Tue Aug 23 08:01:06 CDT 2011

Hi Freek;

Answers inline:

On 8/23/11 5:36 AM, thus spake Freek Dijkstra:
> Jason Zurawski wrote:
>
>>> Last week's mail conversation drifted from XML syntax for NML relations
>>> to the use of namespaces in NML messages.
>>>
>>> An important difference in view was identified.
>>> Jason assumed that a single NML messages would only contain one namespace.
>>
>> I never said nor implied this in any way
>
> Sorry if you feel I jumped to conclusions.

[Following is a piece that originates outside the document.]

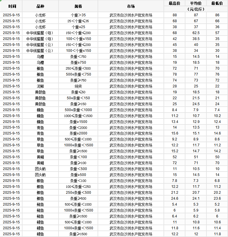 2025年9月15日行情|湖北省主要水产品价格明细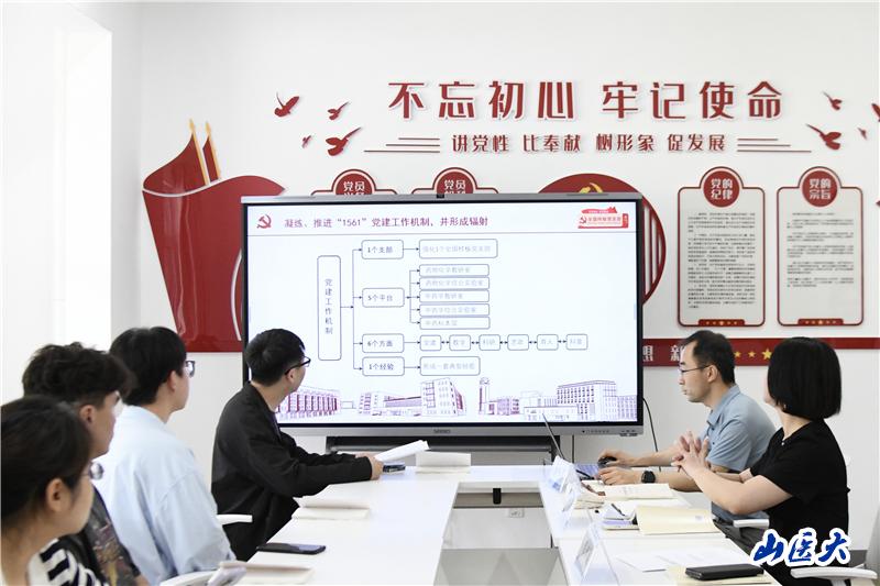 毓慧A功能型党支部第五党小组组长、药学院教工第三党支部书记赵承孝以《党建引领 服务学生 协同育人》为题,分享“全国党建工作样板支部”的建设经验。提出以“强国行”专项行动为契机,充分发挥“双带头人”示范引领作用,复制推广“1561”党建工作机制,借鉴教工党支部的工作特色和亮点,把毓慧A功能型党支部建好建强。

You indeed only wrote:
>
>> to my knowledge a parser can only verify against a
>> single schema at any given time.
>
> Perhaps we still need to take a few steps back.
>
> Do you think that a NML messages may contain multiple namespaces?
>
> Do you agree with the following requirement I wrote earlier:
> 1. Be extensible
> 2. It should be possible to create a specific validator for each
> relation type.
> 3. Parsers should be able to recognise an unknown relation type as a
> relation subclass (rather then simply an unknown element)
>
>
> If you have time to phone today, that would be great.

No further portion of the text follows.